Gutachter nehmen die Variante „Filmriss“ auseinander

Für den angeklagten Mehrfachtäter geht es um alles. Doch für ein gewaltfreies Leben in Freiheit sehen Gutachter wenig Chancen

Von ede

bremen taz ■ Am dritten Verhandlungstag gegen Peter Günther W. gestern im Bremer Landgericht stellten die psychiatrischen Gutachter keine günstige Prognose. Sie räumten dem 47-jährigen Mann, der unter Mordanklage steht, weil er die Großmutter seiner inzwischen geschiedenen Frau 1985 getötet haben soll, wenig Aussicht auf eine gewaltfreie Zukunft ein: Seine Aggressivität, sein geringes Einfühlungsvermögen in die eigenen Gefühle und die anderer, sowie seine durch eine brutale Kindheit gestörte Persönlichkeit ließen dazu wenig Chancen.

Das Gericht muss auf Antrag der Staatsanwaltschaft prüfen, ob Hans Günther W. zum Schutz der Allgemeinheit nach einer Verurteilung unter Sicherungsverwahrung, das heißt hinter Gittern, bleibt. Denn Peter Günther W. hat nachweislich bereits zweimal getötet, einmal vergewaltigt – und verschiedene Körperverletzungsdelikte begangen. Die Plädoyers in dem Prozess werden am kommenden Montag gehalten, möglicherweise fällt dann auch das Urteil. Sicherungsverwahrung wurde in Bremen zuletzt vor knapp zwei Jahren verhängt – erstmals wieder seit zwanzig Jahren. Doch ist es nicht das erste Mal, dass Richter im Zusammenhang mit Peter Günther W.s Taten über Sicherungsverwahrung nachdenken.

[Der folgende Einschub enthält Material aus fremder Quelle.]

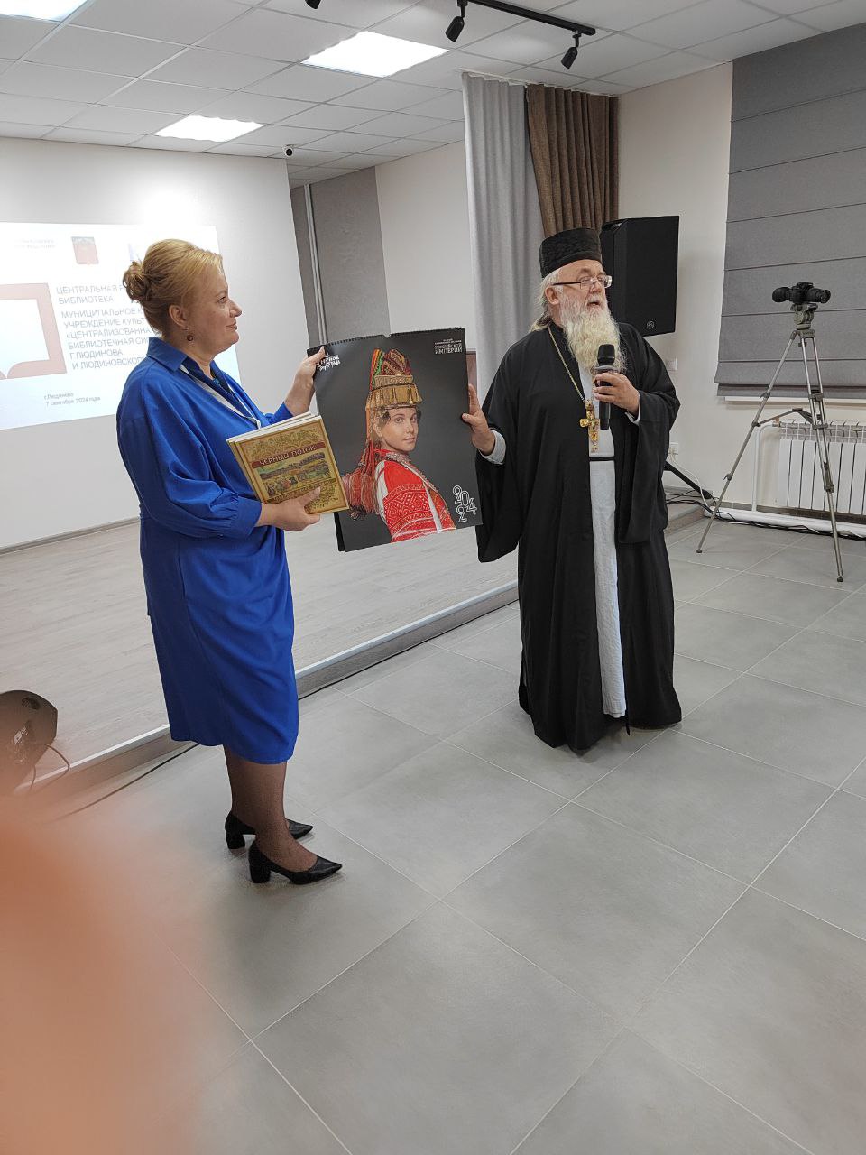 На торжественном открытии присутствующие гости от души поздравляли коллектив библиотеки со знаменательным событием. Отец Алексий, после своего поздравления, подарил в фонд районной библиотеки календарь на 2024 год большим форматом, в котором представлено 12 нарядов с «дополненной реальностью» от 3D платформы, отметив, что в календаре есть фото наших людиновских девушек в удивительных старинных русских нарядах. Также батюшка подарил три книги про одну из деревень Людиновского района «Черный Поток. Традиции одной деревни». Подаренные издания по тематике очень подходят в новый формат обновлённой библиотеки, так как большое внимание здесь теперь будет уделяться краеведению, местным традициям, знаменитым землякам.

Zuletzt geschah dies Mitte der 90er Jahre, als der gelernte Automechaniker W. wegen Mordes an einer mit ihm befreundeten Kirchenorganistin vor Gericht stand. Sie hatte er 1985 umgebracht, nachdem sie sich gegen seine sexuellen Übergriffe wehrte. Des Mordes angeklagt wurde er jedoch erst anhand von Spuren, elf Jahre später. Wie bei seinem ersten Mord, dem kaltblütigen Erschießen eines schlafenden vermeintlichen Nebenbuhlers, hatte W. unter Alkohohleinfluss gehandelt – dieses Mal aber weniger eindeutige Spuren hinterlassen. Dennoch legte das Gericht dem Angeklagten damals die Suchtkrankheit als schuldmindernd aus. Ebenso erkannten die Richter an, dass W. nach einer – zwischenzeitlich begangenen brutalen – Vergewaltigung an einer Bekannten 1987 wenigstens während der anschließenden vierjährigen Bewährungsstrafe keine Straftaten begangen hatte. Das schwer gewürgte Opfer seiner Vergewaltigung, eine psychisch kranke Frau, lebte da schon nicht mehr. Sie starb an den Folgen „eines Sturzes“, wie es heißt.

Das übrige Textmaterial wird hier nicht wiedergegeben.